Homologous recombination (HR) is an elaborate DNA break repair pathway that uniquely exploits an intact homologous double-strand DNA (dsDNA) molecule as a template for repair. The search for a homologous molecule, which can be either the sister chromatid, the homologous chromosome, or dispersed repeats, is subdued to the initial and evolving collision probabilities between the break site and other genomic loci over the course of the repair. We investigate how factors that spatially organize chromatin in the nucleus impinge on the efficiency and accuracy of HR over time.
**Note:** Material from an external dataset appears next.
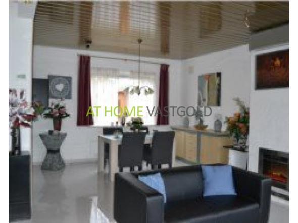 - L-vormige woonkamer met open haard en alle zijden ramen. Airco, plavuizen vloer met vloerverwarming, schuifpui naar voortuin.
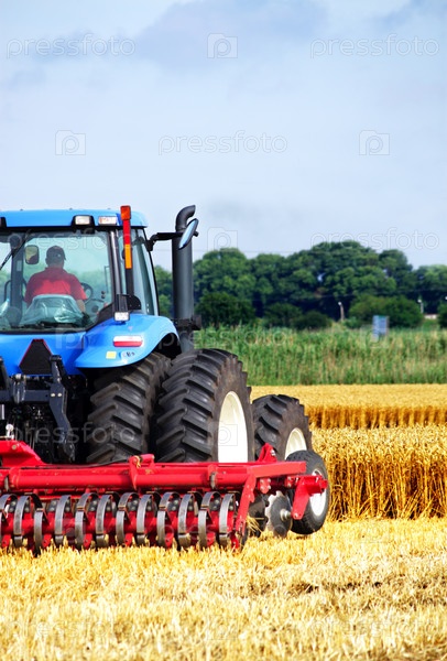 Трактор в поле на уборке урожая

To this end, we use and develop custom high-throughput contact genomics approaches and assays for physical detection of HR intermediates in the model eukaryote S. cerevisiae in which a single site-specific DNA break can be rapidly induced in almost all cells of a population.

Figure 1: Hi-C map of chromosome 5 before (left) and after (center) formation of a DNA break (red dot), showing global and local changes to chromatin contact frequencies. Cohesin enrichment sites correspond to loop pattern along the chromosome, highly similar to that of metaphase-arrested, undamaged cells (right).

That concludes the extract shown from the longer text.